**Task to complete:** Given the entries below, would you transcribe exactly the lines starting at the one with "Tradičnú okrúhlu stolnú" and ending at the one with "گیتار دست ساز", both kept, pictures omitted, nothing extra?

**Study material:**
##########

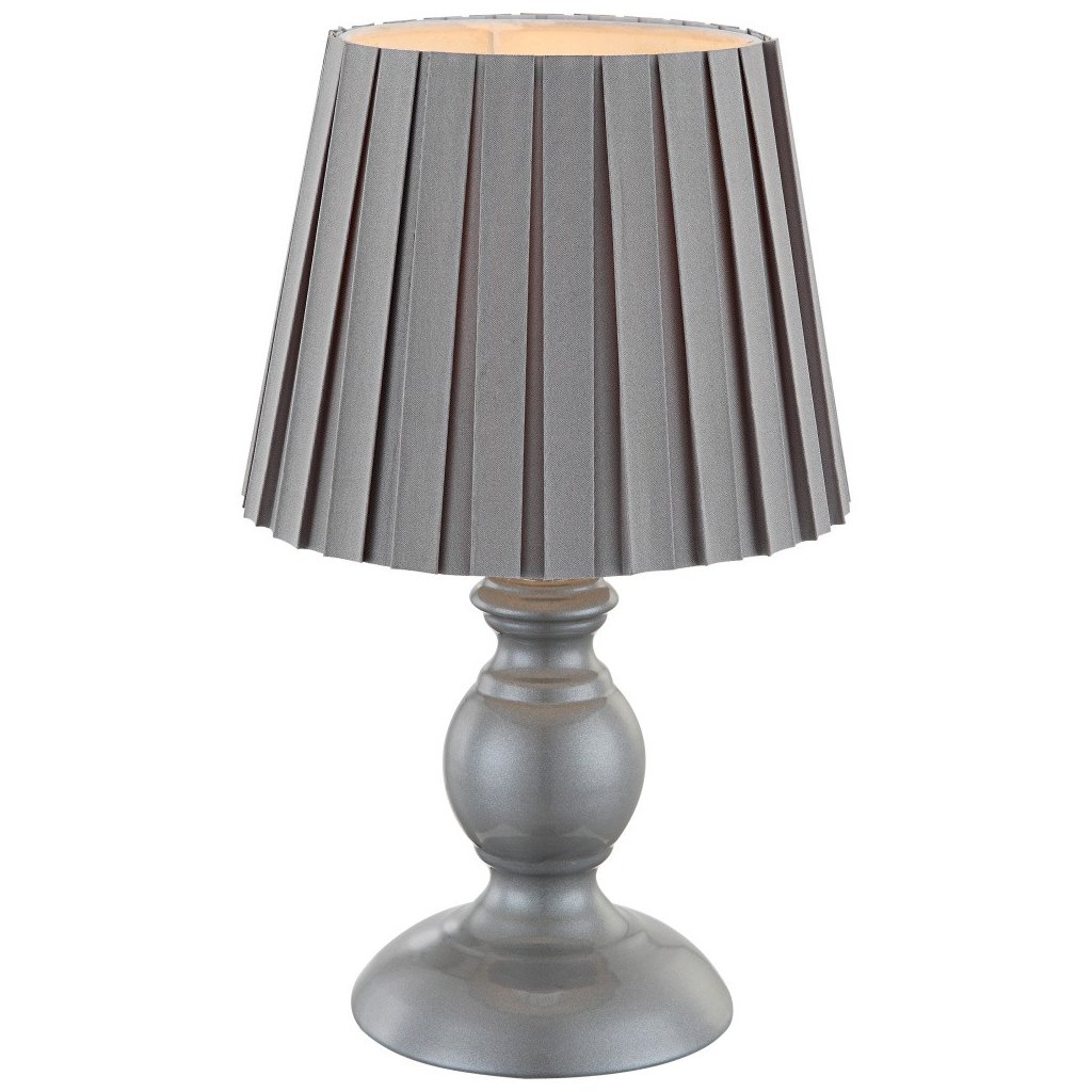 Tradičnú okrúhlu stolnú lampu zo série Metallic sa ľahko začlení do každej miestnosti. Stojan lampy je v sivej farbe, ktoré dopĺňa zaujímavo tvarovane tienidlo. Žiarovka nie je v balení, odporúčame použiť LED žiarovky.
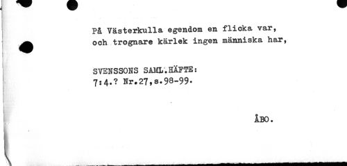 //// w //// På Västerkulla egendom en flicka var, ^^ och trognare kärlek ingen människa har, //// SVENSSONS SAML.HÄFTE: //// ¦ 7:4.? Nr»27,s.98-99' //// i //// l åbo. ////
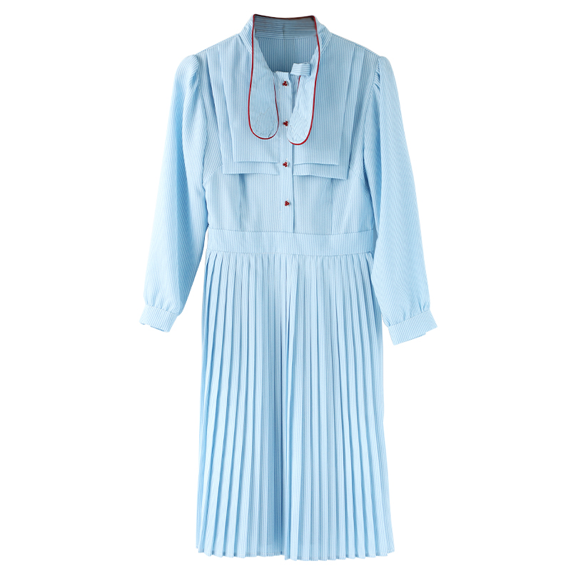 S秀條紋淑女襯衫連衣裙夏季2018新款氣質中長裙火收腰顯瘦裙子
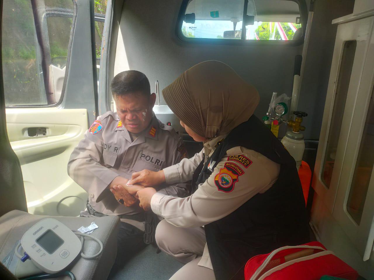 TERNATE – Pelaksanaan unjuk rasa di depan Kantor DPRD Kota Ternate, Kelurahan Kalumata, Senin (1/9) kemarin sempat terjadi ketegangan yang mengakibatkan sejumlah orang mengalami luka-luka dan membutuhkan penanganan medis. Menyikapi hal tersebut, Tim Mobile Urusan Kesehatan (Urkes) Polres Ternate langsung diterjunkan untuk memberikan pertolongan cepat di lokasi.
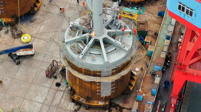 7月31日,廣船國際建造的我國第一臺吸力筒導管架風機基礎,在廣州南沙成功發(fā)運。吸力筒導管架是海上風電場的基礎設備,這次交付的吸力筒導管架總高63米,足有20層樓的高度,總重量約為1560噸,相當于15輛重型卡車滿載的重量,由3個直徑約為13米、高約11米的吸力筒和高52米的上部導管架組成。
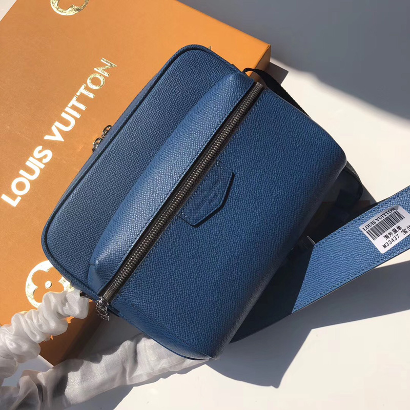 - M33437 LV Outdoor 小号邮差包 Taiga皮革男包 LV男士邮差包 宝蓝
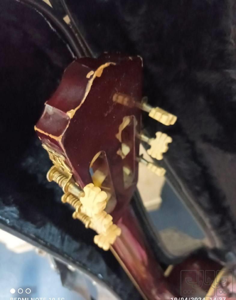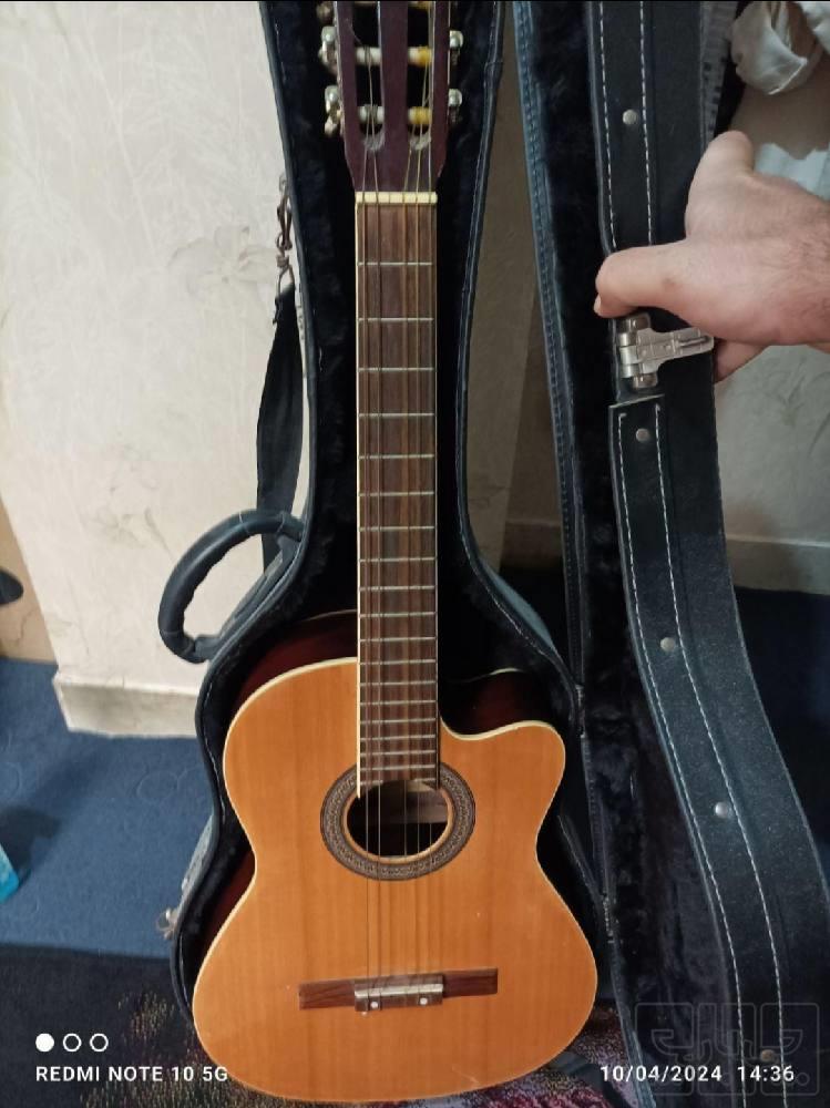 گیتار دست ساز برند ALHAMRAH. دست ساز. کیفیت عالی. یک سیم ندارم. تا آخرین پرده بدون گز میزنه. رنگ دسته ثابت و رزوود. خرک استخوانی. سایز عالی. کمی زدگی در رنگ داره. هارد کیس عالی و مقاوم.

##########

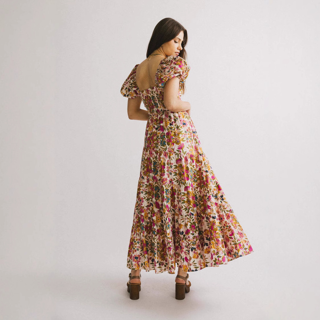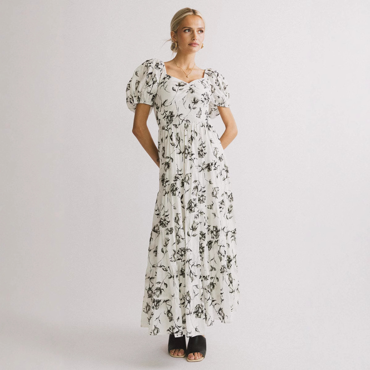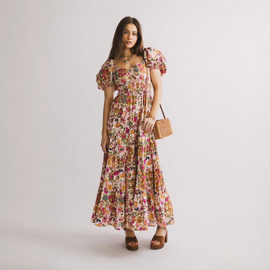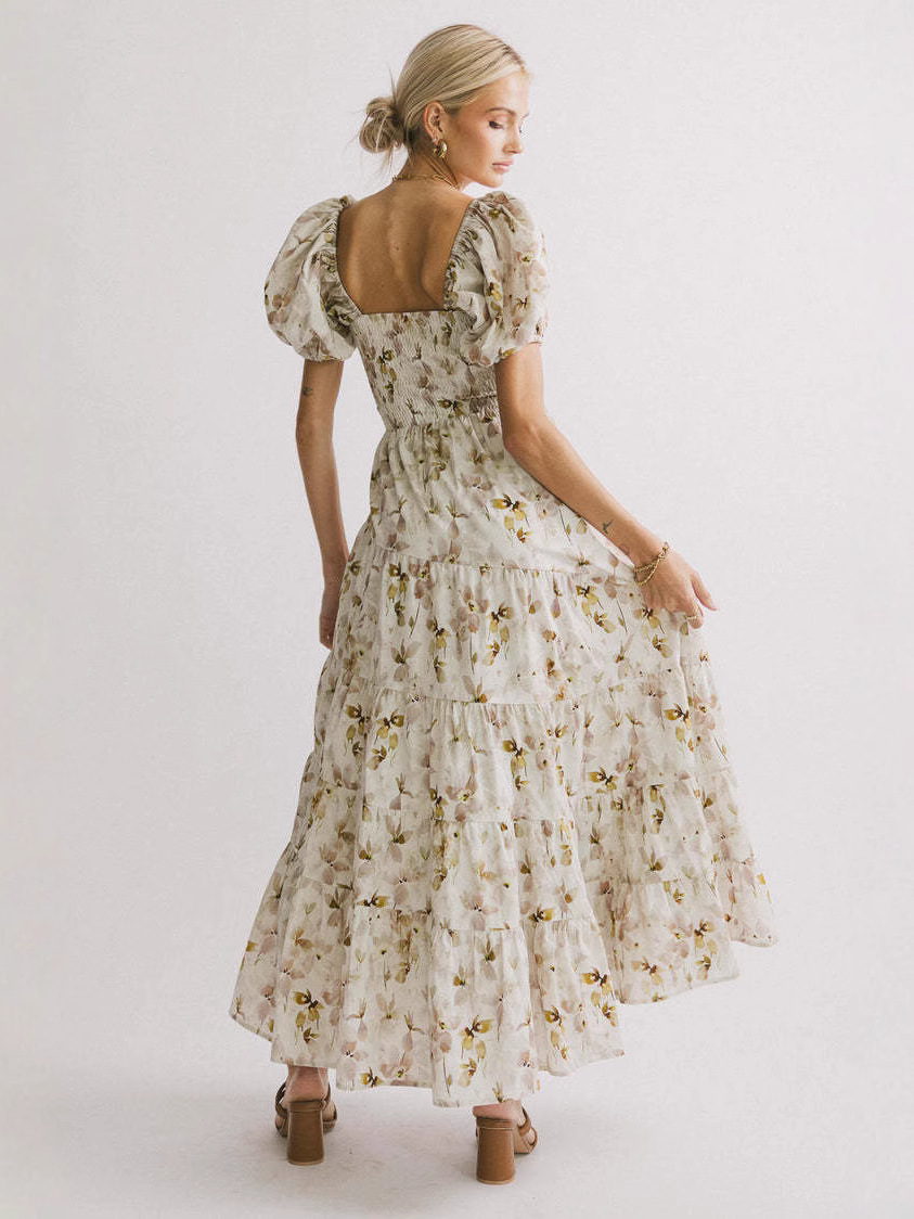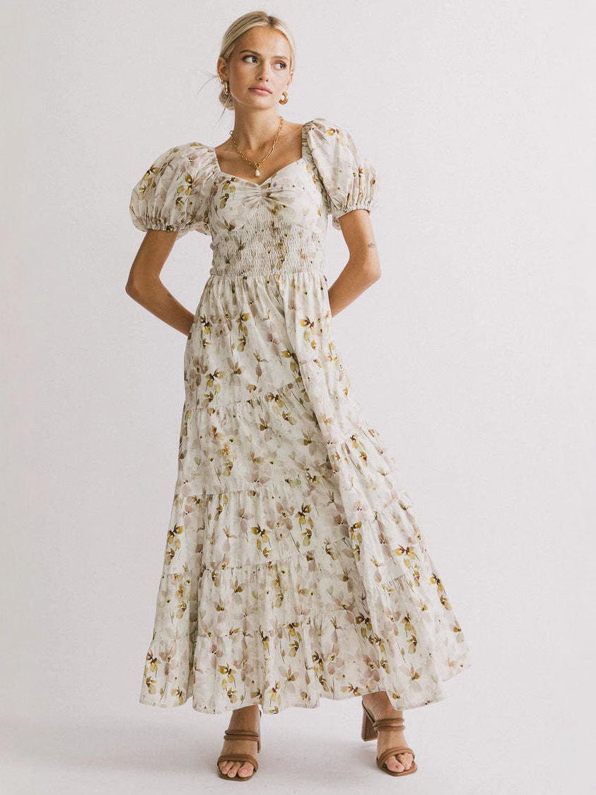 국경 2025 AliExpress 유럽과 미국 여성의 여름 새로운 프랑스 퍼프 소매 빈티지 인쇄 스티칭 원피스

##########

**Exercise result:**
 Tradičnú okrúhlu stolnú lampu zo série Metallic sa ľahko začlení do každej miestnosti. Stojan lampy je v sivej farbe, ktoré dopĺňa zaujímavo tvarovane tienidlo. Žiarovka nie je v balení, odporúčame použiť LED žiarovky.
 //// w //// På Västerkulla egendom en flicka var, ^^ och trognare kärlek ingen människa har, //// SVENSSONS SAML.HÄFTE: //// ¦ 7:4.? Nr»27,s.98-99' //// i //// l åbo. ////
 S秀條紋淑女襯衫連衣裙夏季2018新款氣質中長裙火收腰顯瘦裙子
 TERNATE – Pelaksanaan unjuk rasa di depan Kantor DPRD Kota Ternate, Kelurahan Kalumata, Senin (1/9) kemarin sempat terjadi ketegangan yang mengakibatkan sejumlah orang mengalami luka-luka dan membutuhkan penanganan medis. Menyikapi hal tersebut, Tim Mobile Urusan Kesehatan (Urkes) Polres Ternate langsung diterjunkan untuk memberikan pertolongan cepat di lokasi.
 7月31日,廣船國際建造的我國第一臺吸力筒導管架風機基礎,在廣州南沙成功發(fā)運。吸力筒導管架是海上風電場的基礎設備,這次交付的吸力筒導管架總高63米,足有20層樓的高度,總重量約為1560噸,相當于15輛重型卡車滿載的重量,由3個直徑約為13米、高約11米的吸力筒和高52米的上部導管架組成。
 - M33437 LV Outdoor 小号邮差包 Taiga皮革男包 LV男士邮差包 宝蓝
 گیتار دست ساز برند ALHAMRAH. دست ساز. کیفیت عالی. یک سیم ندارم. تا آخرین پرده بدون گز میزنه. رنگ دسته ثابت و رزوود. خرک استخوانی. سایز عالی. کمی زدگی در رنگ داره. هارد کیس عالی و مقاوم.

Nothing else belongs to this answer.